Question

How do you simplify $\dfrac{1}{{2 + 3i}}$ and write in $a + bi$ form?

Answer 1

For solving such types of questions you have to first see the denominator. Here, in the denominator, there is a complex number. So whenever you have a complex number in a denominator you have to multiply the number by its opposite number. So after that, you will get a real number in the denominator.

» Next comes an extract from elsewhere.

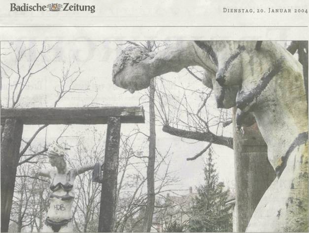 für Kunst zu nutzen und das finde sinnvollerweise im Wechsel statt. Auch Achim Könneke, der Leiter des Kulturamtes, verteidigt den Abbau. Während eines Ortstermins 2002 mit Anwohnern, Künstlern und Vertretern der Stadt sei vereinbart worden, die Gruppe zu entfernen. „Es geht primär darum, die Grünfläche zu nutzen, um dort im Wechsel Skulpturen von zeitgenössischen Künstlern zu präsentieren." Diese sollen jeweils für einen Zeitraum von etwa zwei Jahren ausgestellt werden. Eine handvoll Freiburger Künstler werde demnächst angefragt, Konzepte für die Fläche zu entwickeln, die vom Sommer an wieder „bespielt werden" soll. Die Diskussion um die „anstößigen Arbeiten" sei nicht wirklich relevant für den Abbau, so Könnecke. Die Ausstellung verschiedener Skulpturen sei vielmehr der Versuch, trotz der „bescheidenen, lächerlichen Mittel" des Etats die Bildende Kunst zu fördern. |

Complete step by step answer:
So, for simplifying this equation we have to follow the below-given steps.
Now, assume you have a number $ai$ so the opposite of this number will be $- ai$.
Now, assume you have a number $c + ai$ so the opposite of this number will be $c - ai$.
Here, in this question, the denominator is a complex number so we have to multiply the number by its opposite number.
The denominator of the given number is $2 + 3i$ so the opposite of these numbers is $2 - 3i$.
So we will multiply the denominator and numerator by $2 - 3i$.
After multiplying the denominator and numerator by $2 - 3i$ we get,
$\begin{gathered} \Rightarrow \dfrac{1}{{2 + 3i}} \times \dfrac{{2 - 3i}}{{2 - 3i}} \\\ \Rightarrow \dfrac{{2 - 3i}}{{{2^2} - {{(3i)}^2}}} \\\ \Rightarrow \dfrac{{2 - 3i}}{{4 - 9{i^2}}} \\\ \end{gathered}$
Here, ${i^2} = - 1$
So, after substituting the value of ${i^2}$we get,
$\Rightarrow \dfrac{{2 - 3i}}{{4 - 9( - 1)}} \\\ \Rightarrow \dfrac{{2 - 3i}}{{4 + 9}} \\\ \Rightarrow \dfrac{{2 - 3i}}{{13}} \\\ \Rightarrow \dfrac{2}{{13}} - i\dfrac{3}{{13}} \\\$

So after comparing $\dfrac{2}{{13}} - i\dfrac{3}{{13}}$ to $a + bi$we get
Value of a is $\dfrac{2}{{13}}$ and value of b is $\dfrac{3}{{13}}$.

Note:
For solving such types of questions you should remember the opposite of $c + ai$ is $c - ai$. Sometimes students make mistakes by misunderstanding the opposite of $c + ai$ is $- c - ai$. If you misunderstood this thing then you will get the wrong answer.